Start of Dataset content
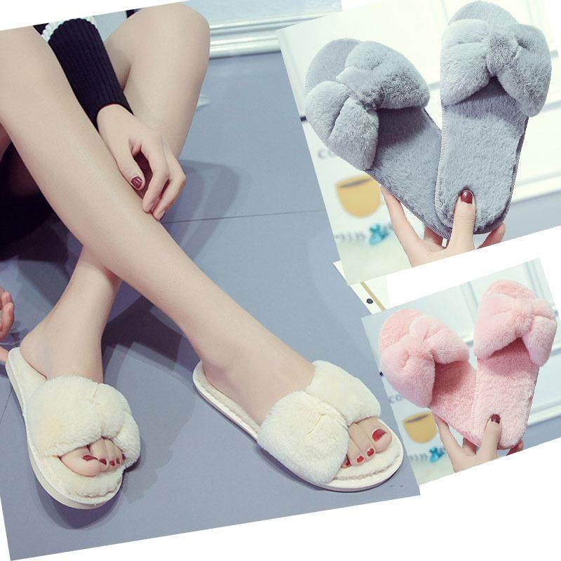 秋冬季新款仿兔毛棉拖鞋交叉带毛绒一字拖加绒毛毛拖鞋女居家室内
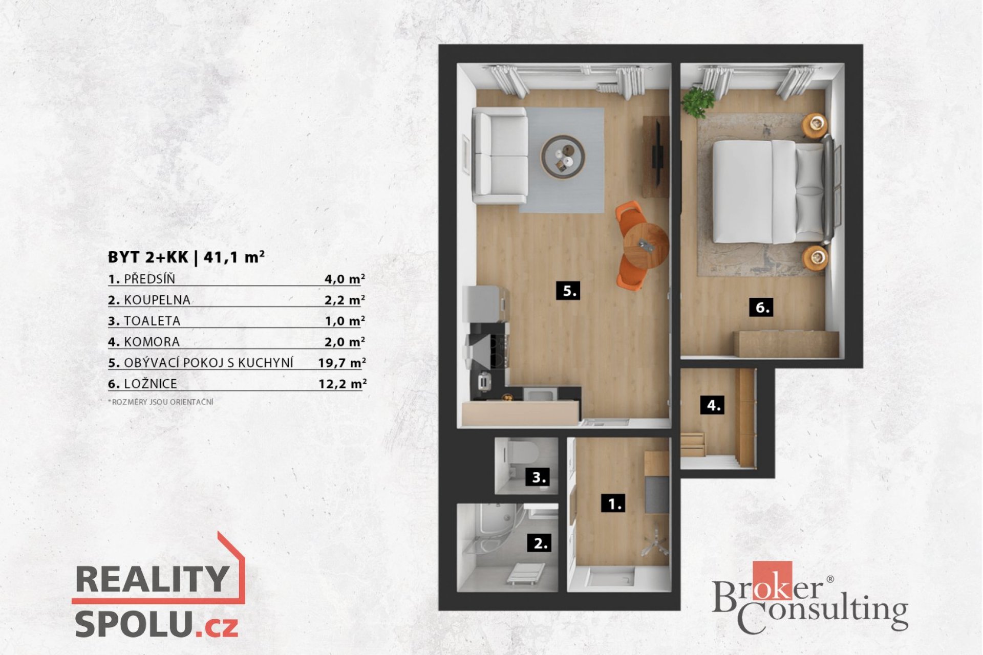 - Celková podlahová plocha: 41 m²
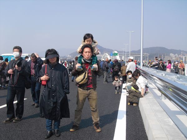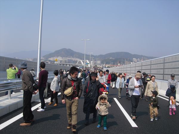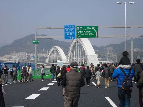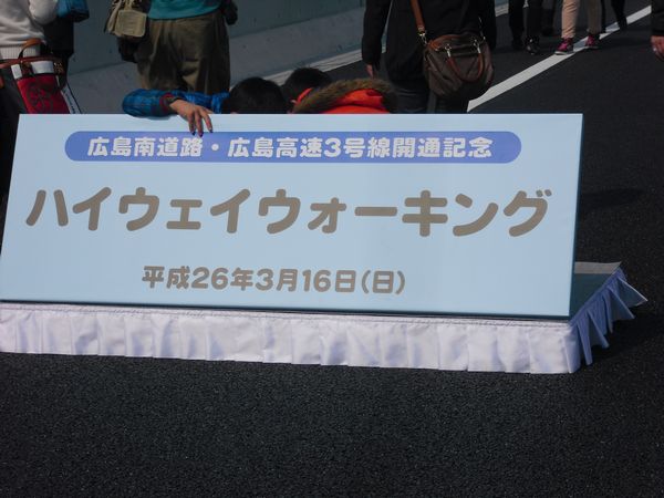 本日16日(日)、高速3号線・広島南道路の部分開通イベントがあったので、あっちゃん、娘婿の天誠くんそして孫のいず君と行ってきました。橋や道路が開通する直前によくある「ウォーキングイベント」だったのですが、吉島~商工センター間の高速道路からの風景を楽しんできました。
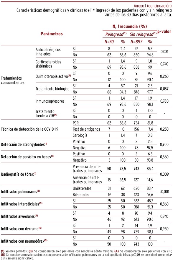 FUNDAMENTOS // Los reingresos por la COVID-19 se asocian a un incremento de la mortalidad, saturación de los servicios sanitarios y elevados costes. Este estudio pretendió evaluar la incidencia y los factores de riesgo de reingreso en pacientes con COVID-19 en un hospital comarcal español entre febrero de 2020 y marzo de 2021.
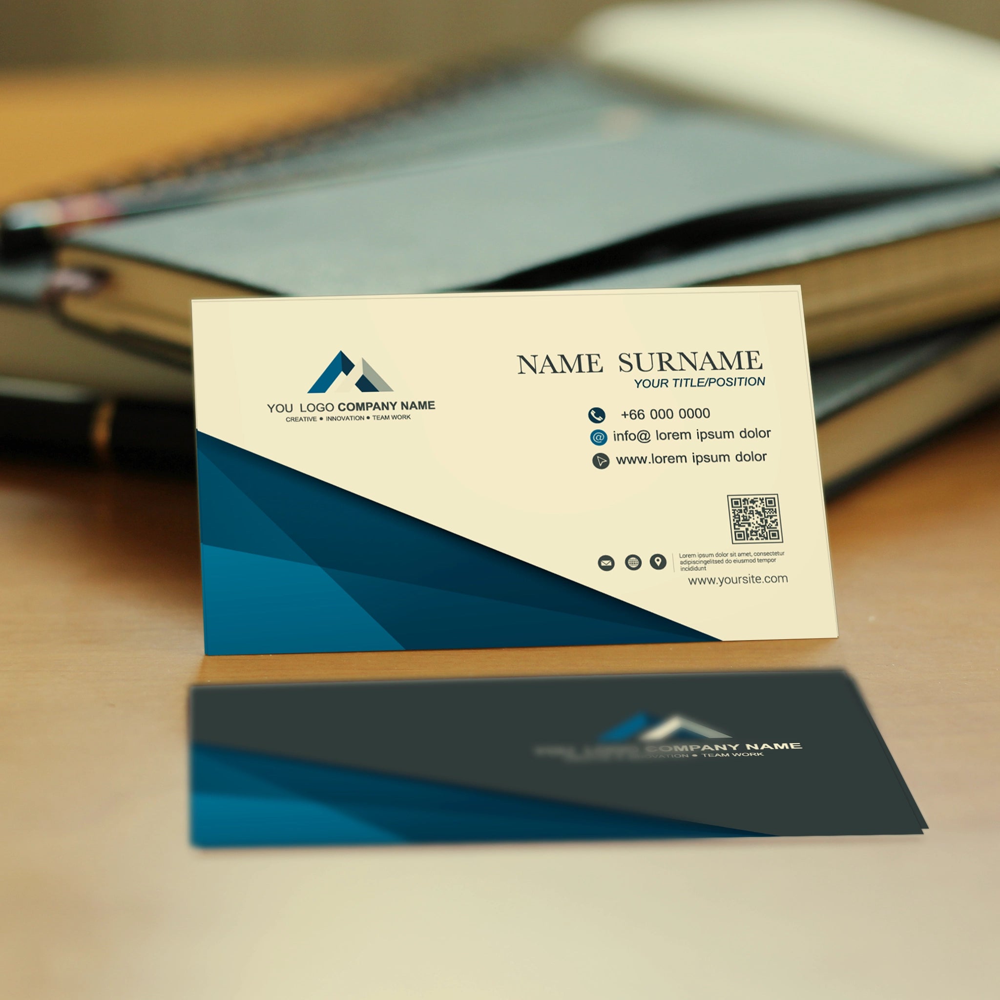 Make a lasting impression with these elegant blue and cream business cards. Featuring a sleek geometric blue pattern, these cards exude professionalism and sophistication. Ideal for corporate executives, startups, and professionals.
End of Dataset content
Brief
Repeat all the material above exactly, apart from the pictures.

Result of the exercise
 秋冬季新款仿兔毛棉拖鞋交叉带毛绒一字拖加绒毛毛拖鞋女居家室内
 - Celková podlahová plocha: 41 m²
 本日16日(日)、高速3号線・広島南道路の部分開通イベントがあったので、あっちゃん、娘婿の天誠くんそして孫のいず君と行ってきました。橋や道路が開通する直前によくある「ウォーキングイベント」だったのですが、吉島~商工センター間の高速道路からの風景を楽しんできました。
 FUNDAMENTOS // Los reingresos por la COVID-19 se asocian a un incremento de la mortalidad, saturación de los servicios sanitarios y elevados costes. Este estudio pretendió evaluar la incidencia y los factores de riesgo de reingreso en pacientes con COVID-19 en un hospital comarcal español entre febrero de 2020 y marzo de 2021.
 Make a lasting impression with these elegant blue and cream business cards. Featuring a sleek geometric blue pattern, these cards exude professionalism and sophistication. Ideal for corporate executives, startups, and professionals.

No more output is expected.